2人はスタンド席を離れ、フロアに出た。

非常階段に近く、人気のないラウンジのソファーの窓側にトオルを座らせ、銃を向けながら野見山も向かい合って座った。


SCREAMの3代目とCANDYのトップが全国大会の会場で再会し、膝を突き合わせている。


『暴走して爆発した奴がいたよなぁ。

俺は聞いたぜ、遥か彼方の暗闇から飛び散るような光が見えたと。噂では粉々になって死んだと聞いていたがな。

その光がもうここまで届いたとは・・・。月日が経つのは早いぜ。

それとも俺は亡霊を見たのか?』


『言ったろ。次会ったときは殺すと。息の根を止めてやるよ。』


『脱走か?』


『当たり前だ。』


『そんなに俺を殺したいか?』


『お前のことは忘れない。病院で散々コケにしてくれたからな。見つけ次第ブチ殺そうと思ってたよ。

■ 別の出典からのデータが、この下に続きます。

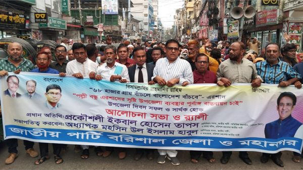 বরিশালে উপজেলা দিবস উপলক্ষে জাতীয় পার্টির আলোচনা সভা ও র‌্যালি

今日は大会を見に来た。あいつ等が泳ぐと聞いてな、一度見てみたかった。お前はまたチョッカイ出しに来たのかよ?』


『そんなところだな。ちなみにな、俺はお前に刺されて引退だ。おかげでSCREAMはもう壊滅状態だよ。』


『ほぉ。ま、俺にはCANDYがあるからよ。』


『ははっ。ウケルなお前。もう誰もいないぜ?』


『休止しているのか?』


『いや・・・CANDYはもう存在しないよ。あの1日で終わりだ。予定通りだったみたいだぞ。』


『何が言いたい?』


『ほんとバカだな。』


銃の高さが膝から胸の位置へと変わった。


スタンドの方から新記録が出た時のようなどよめきと、大きな歓声が聞こえてきた。


『言えや。』


『お友達に聞いてみろよ。もう皆知ってるぜ。』


瞬時に目の前の窓が赤く染まった。立ち上がって、高い位置からトオルの頭を1発撃った。

そんな映像が野見山の頭の中で流れた。


『お前はウソしか言わないから楽でいい。わかり易いね。』


野見山は目を細めてそう言った。本格的にキレ始めたように見える。

スイッチを入れてしまったことに気づいたトオルは苦い表情を浮かべた。

鼓動が高鳴り、額に汗が滲み出す。

野見山が奇妙な落ち着きを見せ始めた。

殺される。


『色んなものが終わる気がする。じゃ、ラスト行こうか。』


野見山がドカっと席を立った。

テーブルを払いのけ、横へブン投げると、

しっかりと握った拳銃を脳天に突き刺さる角度で構えた。


『粉々に飛び散るのはお前だ。』


トオルは虚勢を張り睨み付けていた目を閉じた。




『野見山君?』


トオルは再び目を開けると光恵が立っていた。トリガーを引く指がギリギリのところで止まった。


『野見山君なの?』


後ろ向きのまま答えた。


『そうだよ。』


『何してるのよ。何でここに来ちゃったのよ。アナタ自分のしてることがわかってる?』


『止めんのかよ?』


『当たり前じゃない。』


『もういい、会わなかったことにして去ってくれ。』


『何言ってるの、こっち向きなさい。』


野見山は振り返った。光恵はその表情に驚いた。お店で初めて会った時のような顔をしていた。

あの時の恐怖が再び蘇る。

自分の知らない野見山がそこにはいた。


野見山はトオルのへまわり拳銃を光恵に向けた。


『行ってくれ。』


『それはできない。』


『行けや。』


拳銃を振った。


光恵は恐怖で喋れなくなっていた。


『そういや聞いてくれたかい?何で淳がCANDYを始めたかをよ。』


『・・・』


『聞いたんだろ?』


光恵はチラリとトオルの顔を見た。トオルも閉じていた目を開けて、少し遅れて光恵の顔を見た。


『それは・・・、』


『野見山、銃をおろせ。話せないだろ。』


トオルがそう言うと、野見山はぶらりと手を下げた。




『淳君は私のことが好きで、凄いチームを作って私に見せたかったからよ。』


奥の非常階段で2つの足音が止まった。


50M自由形の決勝レースを終え、首からメダルをさげた杏とマリが立ち尽くしていた。